» GOAL OF THE EXERCISE
Search the data below for the string "NWOEA". Extract every line that contains it.

» MATERIAL FOR THIS TASK
○ ○ ○ ○ ○

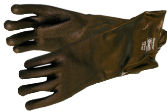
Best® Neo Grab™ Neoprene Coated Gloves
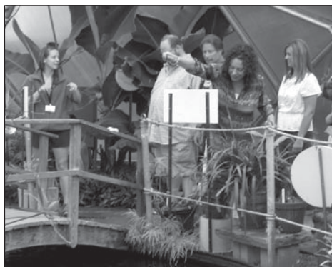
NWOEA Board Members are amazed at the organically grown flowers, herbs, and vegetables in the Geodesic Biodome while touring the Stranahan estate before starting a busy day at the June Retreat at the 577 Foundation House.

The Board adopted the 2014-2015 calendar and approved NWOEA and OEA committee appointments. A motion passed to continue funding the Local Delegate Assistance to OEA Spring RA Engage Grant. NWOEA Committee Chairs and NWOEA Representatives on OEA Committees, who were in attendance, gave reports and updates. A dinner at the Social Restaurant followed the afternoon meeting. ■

○ ○ ○ ○ ○

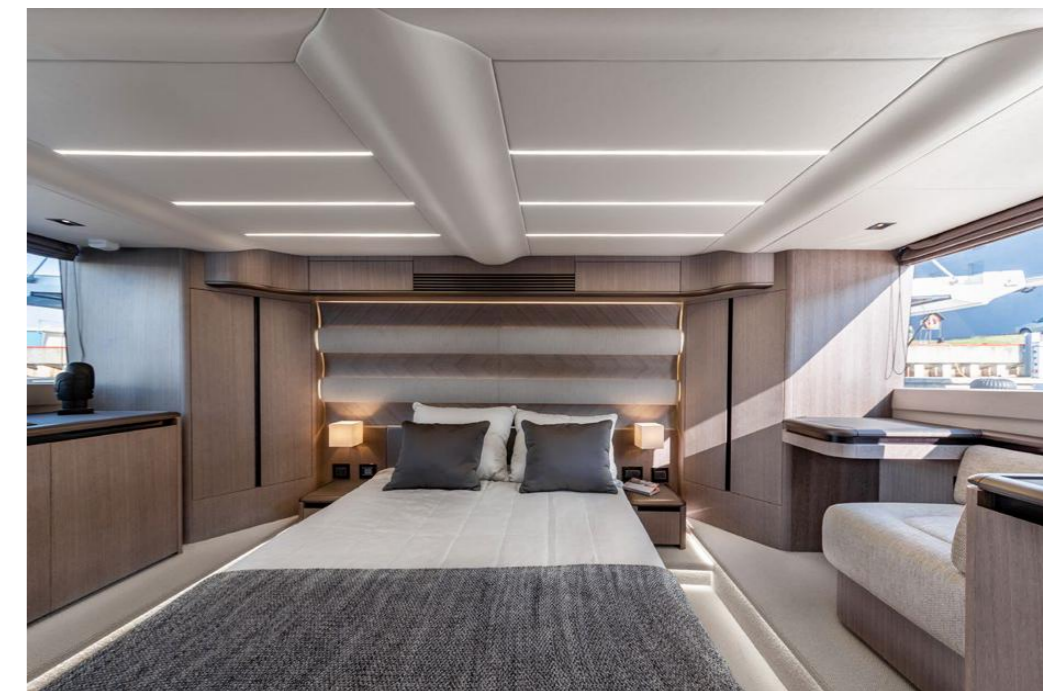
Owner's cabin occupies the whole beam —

○ ○ ○ ○ ○

» RESULT FOR THIS EXERCISE
NWOEA Board Members are amazed at the organically grown flowers, herbs, and vegetables in the Geodesic Biodome while touring the Stranahan estate before starting a busy day at the June Retreat at the 577 Foundation House.
The Board adopted the 2014-2015 calendar and approved NWOEA and OEA committee appointments. A motion passed to continue funding the Local Delegate Assistance to OEA Spring RA Engage Grant. NWOEA Committee Chairs and NWOEA Representatives on OEA Committees, who were in attendance, gave reports and updates. A dinner at the Social Restaurant followed the afternoon meeting. ■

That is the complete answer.